Let us take an example to make it more clear, Mr. Ronak, aged 30 years, working for a leading oil and gas company, has a wife Sarita, 28 years, and a son Rohit, 1 year old. He heard about the new combo of SIP + insurance, and loved it. So he decided to go ahead with taking a term plan for 30 years and started investing through a SIP, for creating a corpus of 1 crore at retirement.
He also explained to his wife how this new product works. At the age of 45, Ronak met with an accident, and did not survive it. Sarita is now responsible for all the decisions in the house. She gets the insurance claim but is not sure how to manage it.
Suddenly she remembers Ronak’s explanation of why he took the insurance policy. So she continues the SIP investment with the claim amount and at the end of the next 15 years, Sarita successfully creates a corpus of Rs. 1 crore.
Note: The above example is given to make the concept of Insurance + SIP clear. The corpus can be either less or even more than the desired corpus. This is because investments are subject to market risks.
Now since the basic concept is clear, let’s go one step higher.
Taking the same example, what if Ronak wants his family to get Rs.20,00,000/- at the time of his death, that will suffice their basic expenses at that time. Well the solution is very simple, just add this amount to the death claim amount, that Ronak’s family will get.
For example, if Ronak has taken an insurance policy cover of Rs.1 crore, he should add Rs. 20 lakhs to that amount. So his family will get a total claim of Rs 1.2 crores. So 20 lakhs can go towards the family’s expenses and the 1 crore can be used to continue the investments and monthly expenses.
Okay one more question that may pop up, where will you invest the entire claim amount? and how will you continue the SIPs.
There is a solution for that too, let’s see the different ways of investing the amounts:
- Bank – SIP – Equity fund: This is the normal way of investing, the amount is deducted from the insured’s savings account every month and it goes to the equity fund.

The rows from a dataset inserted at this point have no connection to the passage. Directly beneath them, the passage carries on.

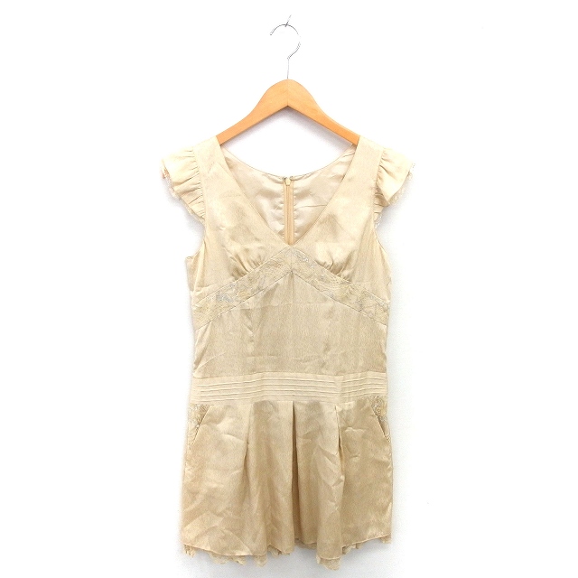 【中古】ジルスチュアート JILL STUART ワンピース レース ひざ丈 Vネック キャップスリーブ 半袖 S ベージュ 薄茶
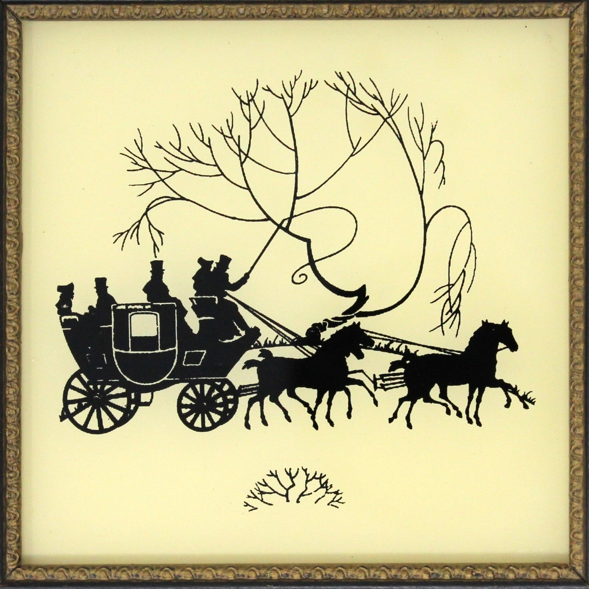 - Vintage Framed Silhouette, Reverse Painted, Victorian Horse-drawn Stagecoach, Wall Decor, Home Decor, "A Fresh Team" by Reliance Co., (Discontinued)
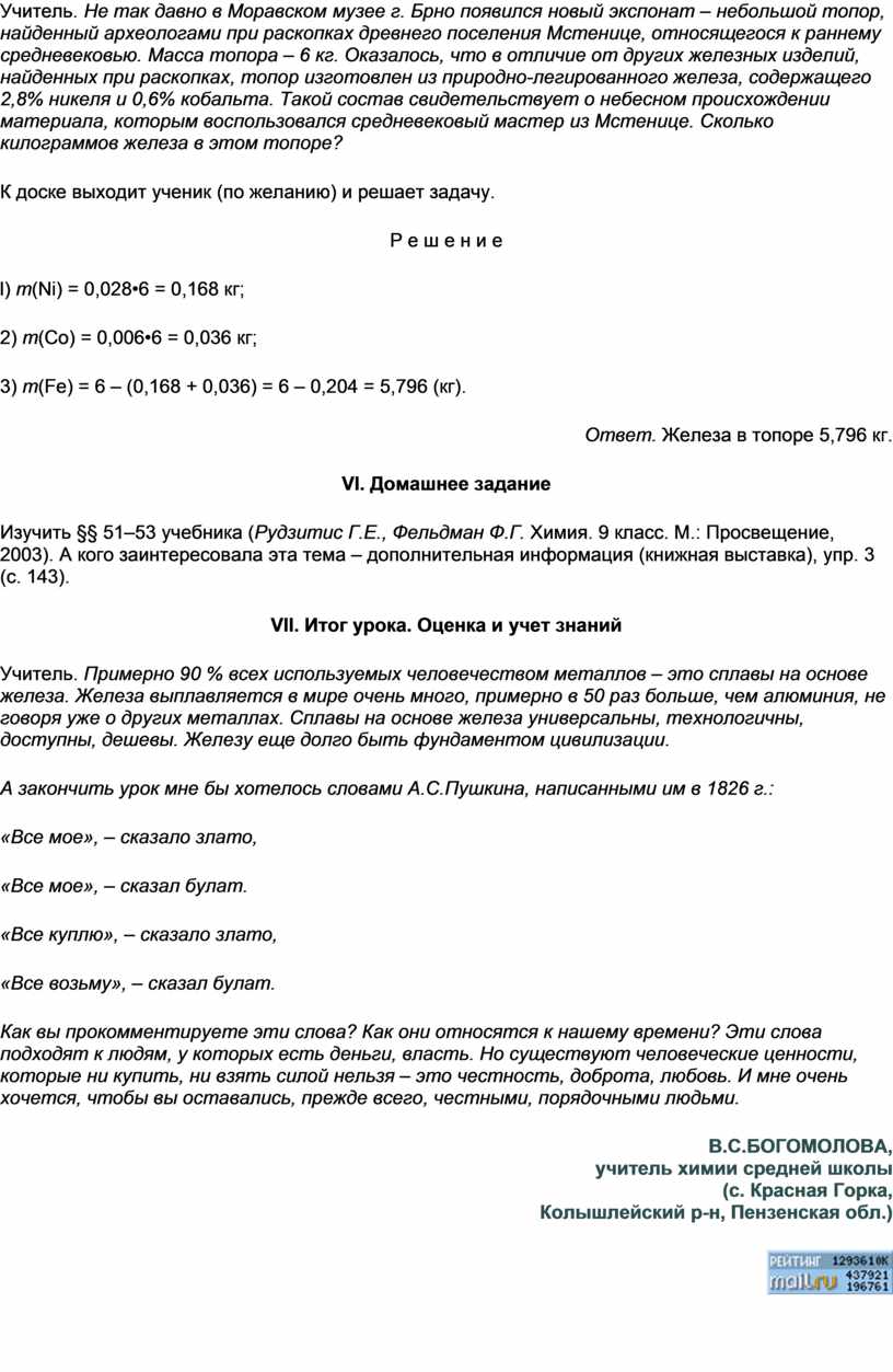 7-й ученик. Первое железо, попавшее еще в глубокой древности в руки человека, было, по-видимому, не земного, а космического происхождения: железо входило в состав метеоритов, упавших на нашу планету. Не случайно на некоторых древних языках железо именуется «небесным камнем» или «металлом, капнувшим с неба». В то же время многие крупные ученые еще в конце XVIII века не допускали и мысли о том, что Вселенная может «снабжать» Землю железом. В 1751 году вблизи немецкого города Ваграма упал метеорит. Спустя сорок лет венский профессор Штюц писал об этом событии: «Можно себе представить, что в 1751 г. даже самые просвещенные люди в Германии могли поверить в падение куска железа с неба – настолько слабы были тогда их познания в естественных науках... Но в наше время непростительно считать возможными подобные сказки».
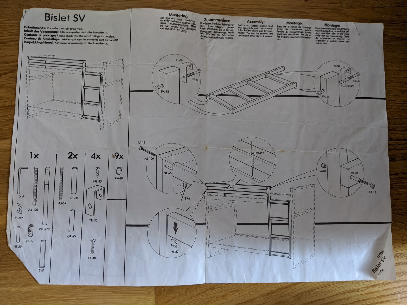 Wir haben gerade ein älteres IKEA-Stockbett "Bislet" wieder reaktiviert bzw. reaktivieren wollen. Dabei sind wir auf einige kleinere Schwierigkeiten gestoßen:

- Debt – STP – Equity: STP is Systematic Transfer Plan, i.e. money transferred from one fund to another. Here the nominee , on death of the insured, can invest the whole claim amount in a liquid fund (also a debt fund) and through STP, transfer a fixed amount from that liquid fund to the equity fund. This will help in continuing the SIP. This option is recommended as you may earn more in liquid mutual funds than in saving bank accounts.
- Equity fund – SWP – Bank: SWP is Systematic Withdrawal Plan. It is used to withdraw a fixed sum from the fund into the bank account for monthly use. So here, Once the corpus has been achieved, the nominee can make monthly withdrawals from that same fund, for their daily use.
Please note that above options are given in respect to the concept of insurance + SIP.
This is a very good combo, for those who find insurance very boring or those looking to benefit from insurance. We all think of what is in front of us, but this is a concept which makes you think of possibilities that can occur. It may not strike us at the time of planning. But when the incident does occur, it will be too late.